» Assignment:
Transcribe the full listing exactly, and drop every picture.

» Information supplied:
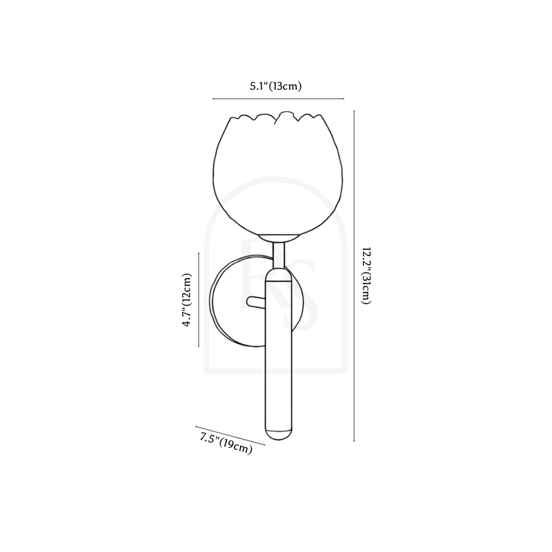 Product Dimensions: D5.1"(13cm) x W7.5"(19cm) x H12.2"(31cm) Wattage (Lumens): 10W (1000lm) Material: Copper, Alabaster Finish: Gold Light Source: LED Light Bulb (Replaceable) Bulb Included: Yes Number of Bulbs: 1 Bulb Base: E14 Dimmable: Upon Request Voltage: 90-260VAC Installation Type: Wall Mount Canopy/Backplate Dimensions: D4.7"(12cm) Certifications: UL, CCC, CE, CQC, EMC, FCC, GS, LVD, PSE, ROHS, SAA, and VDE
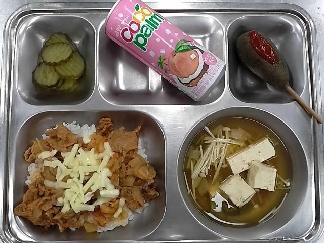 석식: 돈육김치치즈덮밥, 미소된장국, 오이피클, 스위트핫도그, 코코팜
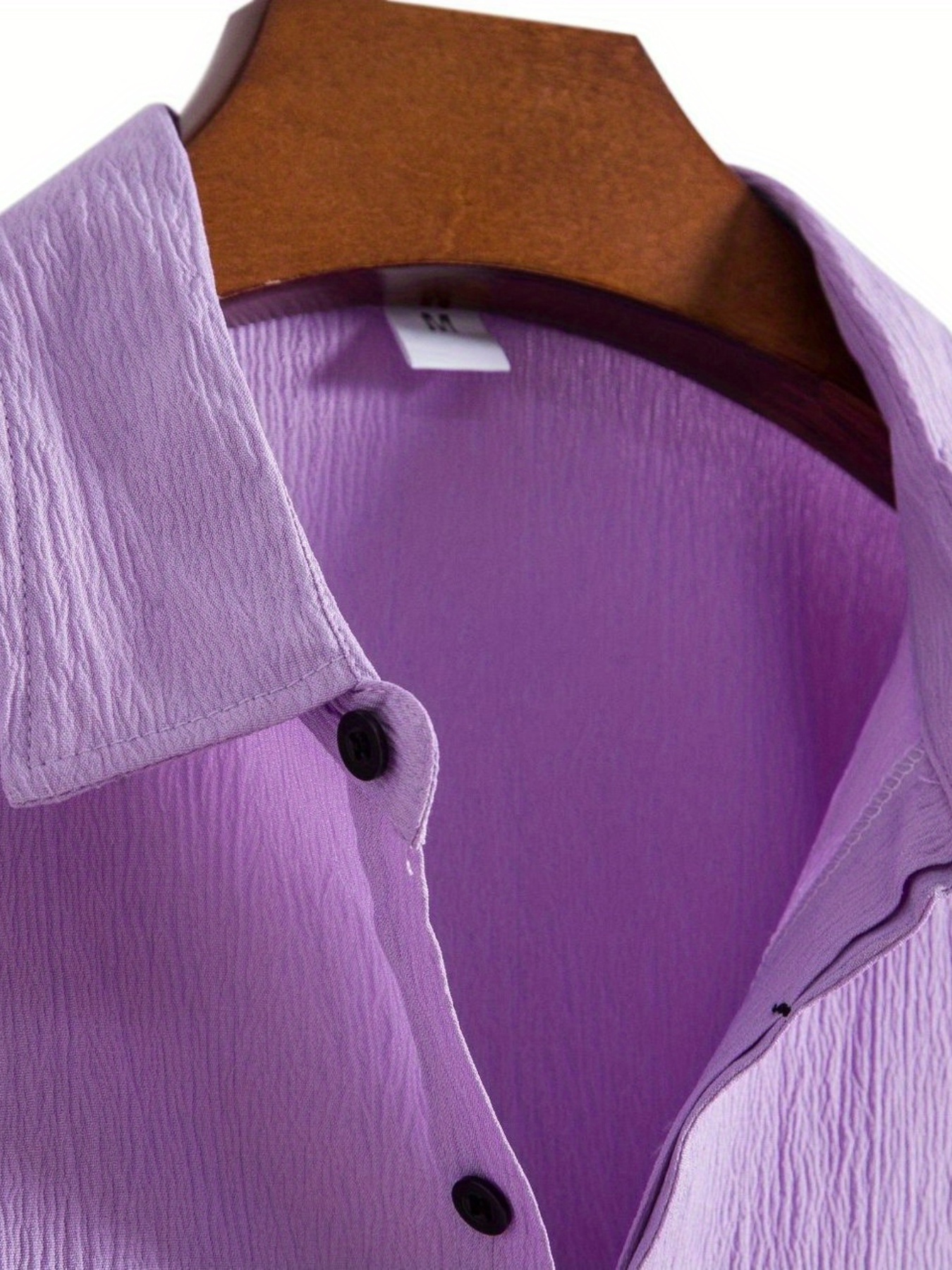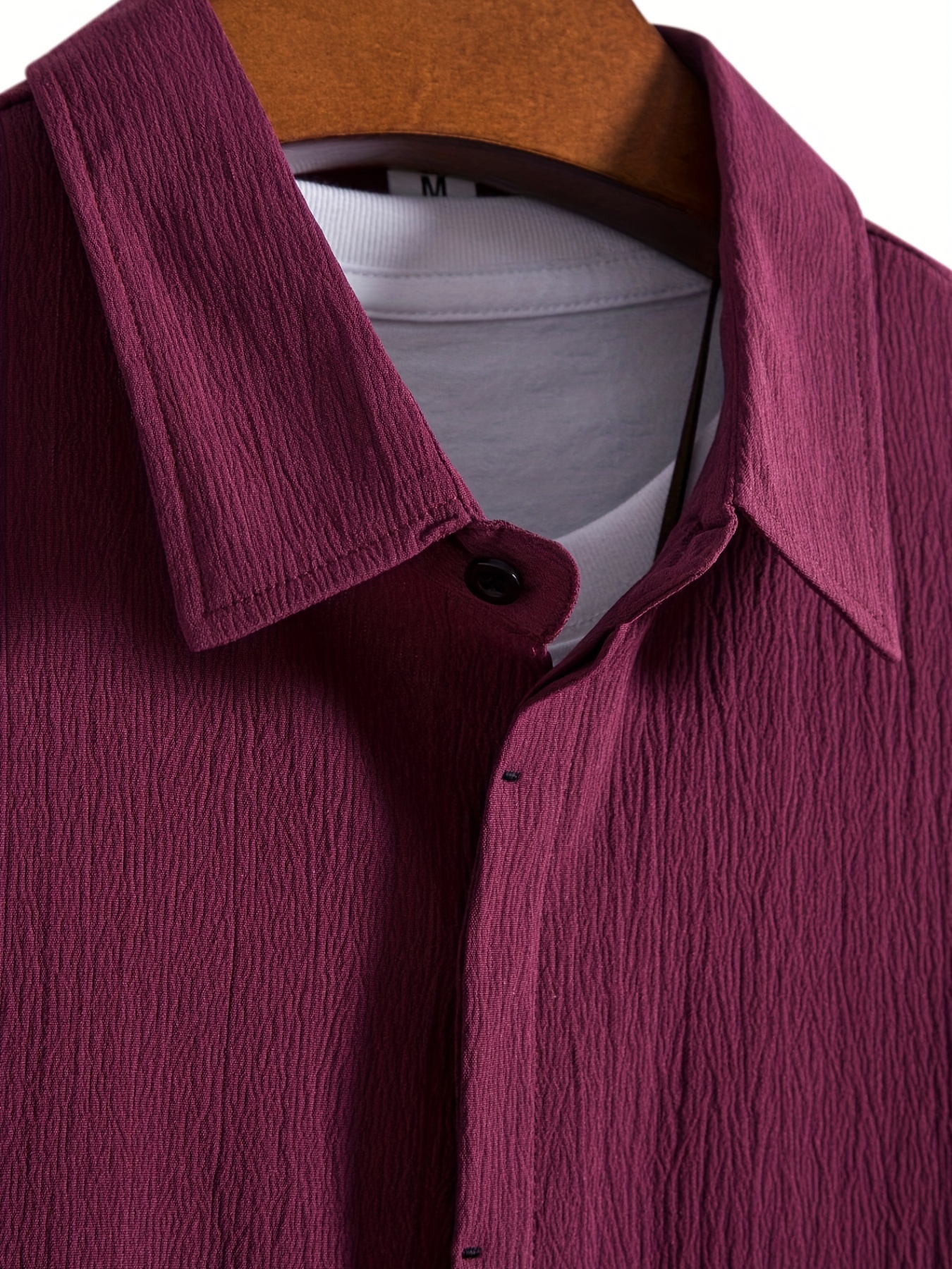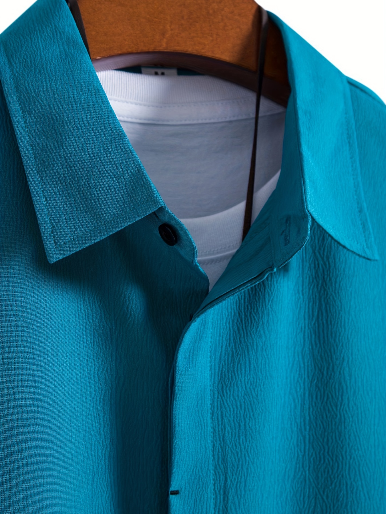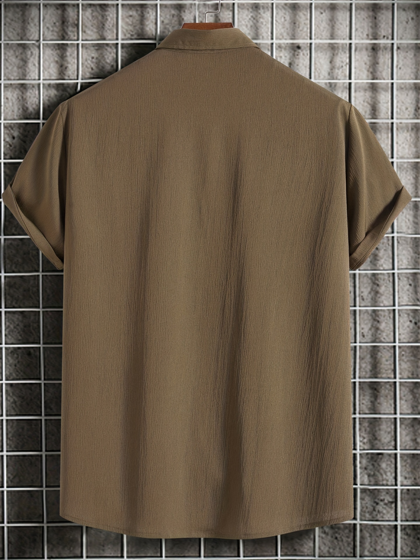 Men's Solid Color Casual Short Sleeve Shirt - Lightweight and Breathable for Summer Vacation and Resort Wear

» Answer box:
 Product Dimensions: D5.1"(13cm) x W7.5"(19cm) x H12.2"(31cm) Wattage (Lumens): 10W (1000lm) Material: Copper, Alabaster Finish: Gold Light Source: LED Light Bulb (Replaceable) Bulb Included: Yes Number of Bulbs: 1 Bulb Base: E14 Dimmable: Upon Request Voltage: 90-260VAC Installation Type: Wall Mount Canopy/Backplate Dimensions: D4.7"(12cm) Certifications: UL, CCC, CE, CQC, EMC, FCC, GS, LVD, PSE, ROHS, SAA, and VDE
 석식: 돈육김치치즈덮밥, 미소된장국, 오이피클, 스위트핫도그, 코코팜
 Men's Solid Color Casual Short Sleeve Shirt - Lightweight and Breathable for Summer Vacation and Resort Wear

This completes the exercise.